My attempt has been:
barplot(prop.table(table(ttcluster_dataset$Phenotype)),col=clustercolor,border="black",xlab="Phenotypes",ylab="Percentage of Samples expressed",main="Sample wise Phenotype distribution",cex.names = 0.8)
The dataset column is:
ttcluster_dataset$Phenotype<-
structure(c(1L, 1L, 1L, 1L, 1L, 1L, 1L, 1L, 1L, 1L, 1L, 1L, 1L,
1L, 1L, 1L, 1L, 1L, 1L, 1L, 1L, 1L, 1L, 1L, 1L, 1L, 1L, 1L, 1L,
1L, 1L, 1L, 1L, 1L, 1L, 1L, 1L, 1L, 1L, 1L, 1L, 1L, 1L, 1L, 1L,
2L, 2L, 2L, 2L, 2L, 2L, 2L, 2L, 3L, 3L, 3L, 3L, 3L, 3L, 3L, 3L,
3L, 3L, 3L, 3L, 3L, 3L, 3L, 3L, 3L, 3L, 3L, 3L, 3L, 3L, 3L, 3L,
3L, 3L, 5L, 5L, 5L, 5L, 5L, 5L, 5L, 5L, 5L, 5L, 5L, 5L, 5L, 5L,
5L, 5L, 5L, 5L, 5L, 5L, 5L, 5L, 5L, 5L, 5L, 5L, 5L, 5L, 5L, 5L,
5L, 5L, 6L, 6L, 6L, 6L, 6L, 6L, 7L, 7L, 7L, 7L, 7L, 7L, 7L, 7L,
7L, 7L, 7L, 7L, 7L, 7L, 7L, 7L, 7L, 7L, 7L, 7L, 7L, 7L, 7L, 7L,
7L, 7L, 7L, 7L, 7L, 7L, 7L, 7L, 7L, 7L, 7L, 7L, 7L, 7L, 7L, 7L,
7L, 7L, 7L, 7L, 8L, 8L, 8L, 8L, 8L, 8L, 8L, 8L, 8L, 8L), .Label = c("Proneural (Cluster 1)", "Proneural (Cluster 2)", "Neural (Cluster 1)", "Neural (Cluster 2)",
"Classical (Cluster 1)", "Classical (Cluster 2)", "Mesenchymal (Cluster 1)",
"Mesenchymal (Cluster 2)"), class = "factor")

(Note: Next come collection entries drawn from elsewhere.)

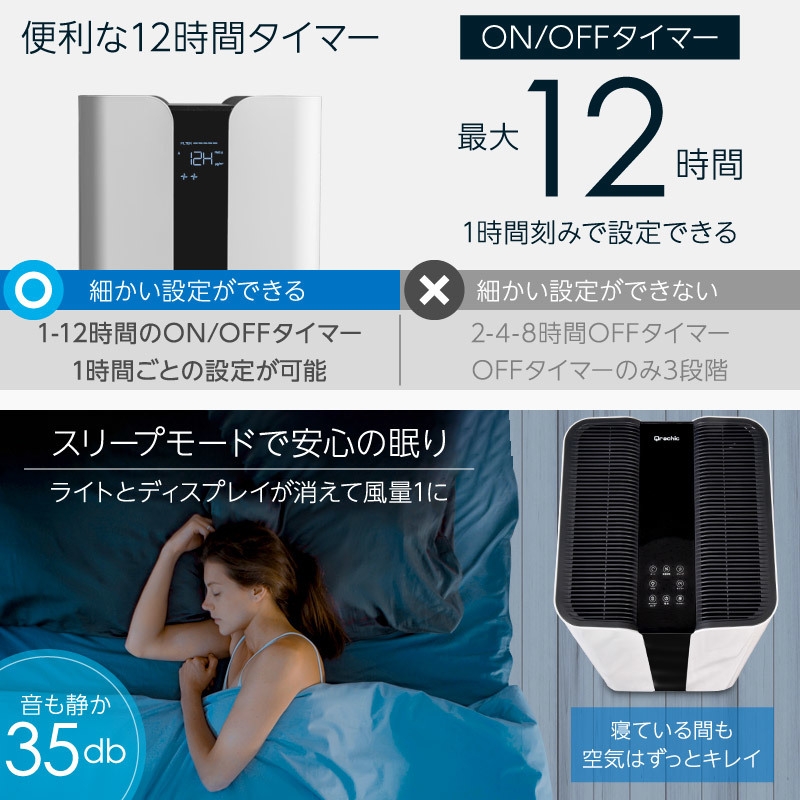 ・タイマー、スリープモード、チャイルドロック機能搭載。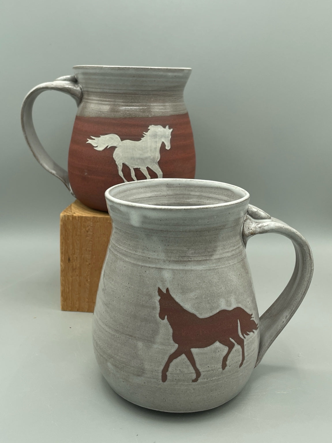 The horse silhouettes are created by allowing the natural red clay to show through the glaze, giving each piece depth, character, and a distinctly handmade feel. The gently flared lip and comfortable handle make these mugs perfect for slow mornings, barn-side coffee, or winding down after a long day at the barn.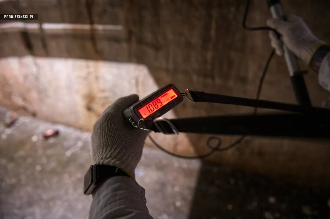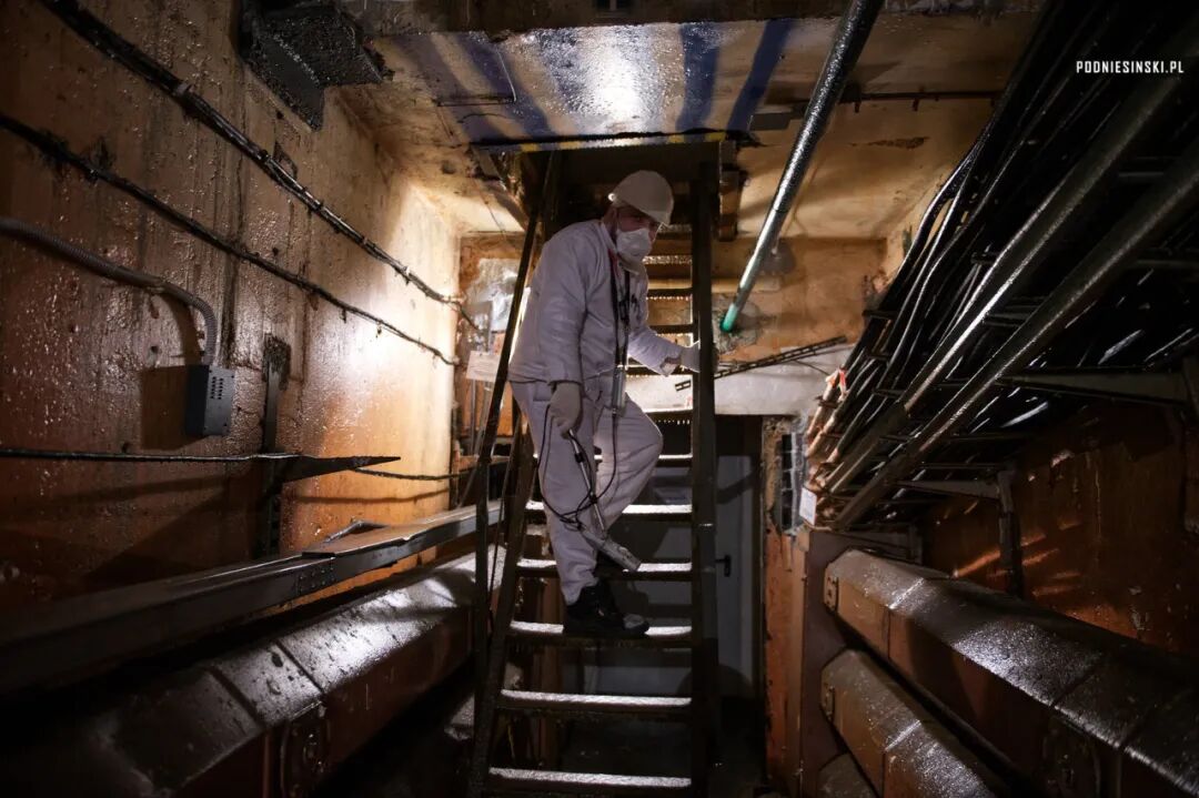 Arkadiusz Podniesiński 说服了工作人员,可以尝试进入旧石棺。为了安全,需要计量工程师走在前面。图为通往旧石棺层的楼梯上。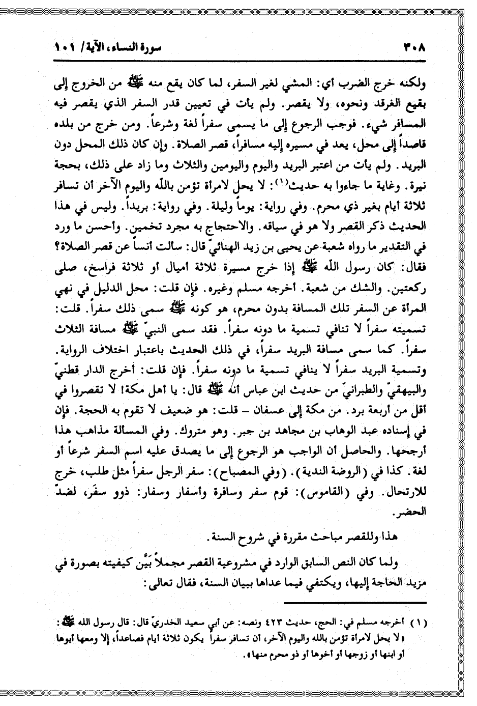 هذا وللقصر مباحث مقررة في شروح السنة.

All suggestions shall be apprciated.
A t-test is probably not what you want since you are looking at counts and proportions between the two clusters. Your data is not really set up to do either one so first we need to split the two variables:
Pheno.splt <- strsplit(as.character(ttcluster_dataset$Phenotype), " ")
Pheno.mat <- do.call(rbind, x)[, c(1, 3)]
ttclust <- data.frame(Phenotype=Pheno.mat[, 1], Cluster=gsub(")", "", Pheno.mat[, 2]))
str(ttclust)
# 'data.frame': 171 obs. of 2 variables:
# $ Phenotype: chr "Proneural" "Proneural" "Proneural" "Proneural" ...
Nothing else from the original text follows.